▶ _Required work_
Using the data that follows, give again word for word the lines between the one holding "Hunters With Their" and the one holding "또 팬이 찍은 밥먹는", inclusive. Omit the pictures.

▶ _Task inputs_
- - -

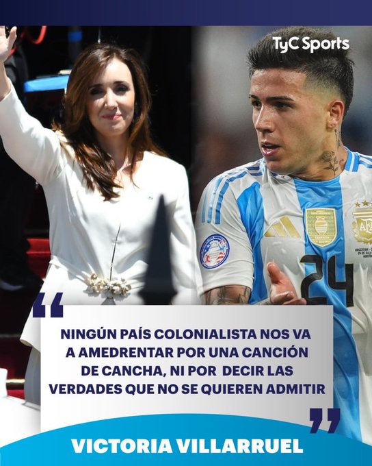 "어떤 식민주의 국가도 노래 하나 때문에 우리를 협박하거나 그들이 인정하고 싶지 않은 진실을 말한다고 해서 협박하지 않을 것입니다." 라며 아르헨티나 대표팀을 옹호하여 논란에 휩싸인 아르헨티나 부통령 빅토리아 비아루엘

- - -

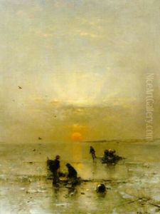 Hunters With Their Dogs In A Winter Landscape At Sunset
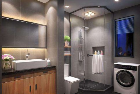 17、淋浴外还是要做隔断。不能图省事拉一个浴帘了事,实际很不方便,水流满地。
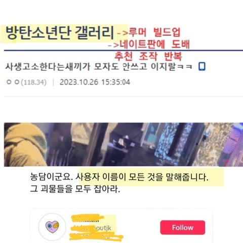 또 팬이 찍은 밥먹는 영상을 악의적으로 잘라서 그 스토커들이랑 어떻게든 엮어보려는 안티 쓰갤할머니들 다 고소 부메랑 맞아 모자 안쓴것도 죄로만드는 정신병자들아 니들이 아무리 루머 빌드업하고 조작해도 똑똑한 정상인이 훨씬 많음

- - -

▶ _Solution to this problem_
 Hunters With Their Dogs In A Winter Landscape At Sunset
 17、淋浴外还是要做隔断。不能图省事拉一个浴帘了事,实际很不方便,水流满地。
 또 팬이 찍은 밥먹는 영상을 악의적으로 잘라서 그 스토커들이랑 어떻게든 엮어보려는 안티 쓰갤할머니들 다 고소 부메랑 맞아 모자 안쓴것도 죄로만드는 정신병자들아 니들이 아무리 루머 빌드업하고 조작해도 똑똑한 정상인이 훨씬 많음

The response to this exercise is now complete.